Annette Groth: Wenn die Staaten der EU den IS bekämpfen wollen, dann ist das sicher nicht mit militärischen Mitteln zu erreichen. Dem IS muss der Nachschub an Geld, Kämpfern und Waffen entzogen werden. Das NATO-Land Türkei und die Partner der westlichen Staaten Saudi-Arabien und Katar müssen durch eine klare Außenpolitik der EU gezwungen werden, die Unterstützung des IS endlich zu beenden. Auch eine der Hauptfinanzquellen des IS, der illegale Handel mit Öl über die Türkei, muss endlich unterbunden werden. Solange die NATO-Staaten und die EU hinnehmen, dass reiche Familien und Stiftungen aus Saudi-Arabien und den Golfstaaten den IS mit erheblichen finanziellen Geldmitteln fördern und gleichzeitig mit diesen Staaten enge Verbindungen gepflegt werden, ist die Politik des Westens gegenüber dem IS mehr als Heuchelei. Darüber hinaus müssen alle Waffenexporte in den Nahen und Mittleren Osten endlich verboten werden. Ohne diesen ständigen Zufluss an neuen Waffen, z. B. auch aus Deutschland, wäre der Krieg in Syrien durch keine der Kriegsparteien noch lange zu führen.

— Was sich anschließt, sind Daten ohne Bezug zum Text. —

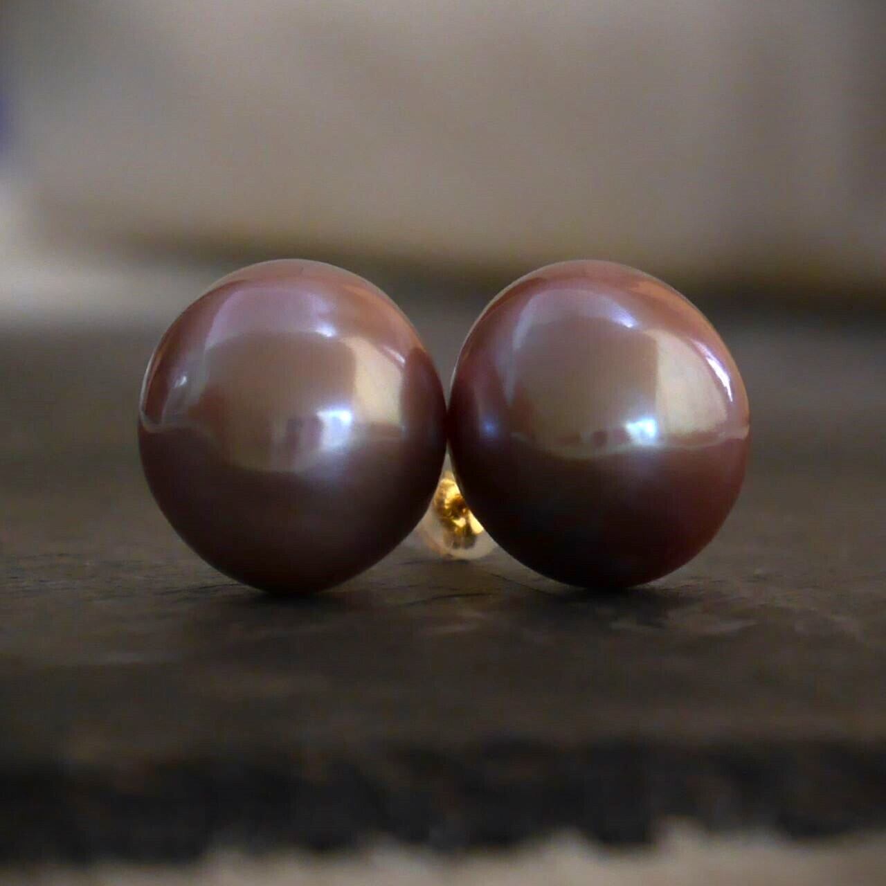 淡水パールは無核のものが一般的ですが、こちらは稀少な有核淡水パールとなります。

UZ: Was folgt für Sie aus der aktuellen Situation?

Annette Groth: Wir müssen aktiv dafür eintreten, dass sich die Bundeswehr nicht an militärischen Kämpfen in Syrien beteiligt. Durch Mahnwachen und Proteste in den Städten und Regionen kann Druck organisiert werden. Dabei müssen wir die Verantwortlichen für diese katastrophale Situation in Syrien klar benennen: Es ist die Mitverantwortung der westlichen Staaten, die mit Waffen, Finanzierungen und der Absicherung von illegalen Verdiensten des IS diesen stabilisiert. Unsere Forderung ist klar: Krieg ist kein Mittel, um den Konflikt in Syrien zu lösen! Die Finanzierung des IS muss sofort gestoppt werden.

UZ: Welche Perspektive sehen Sie für Syrien?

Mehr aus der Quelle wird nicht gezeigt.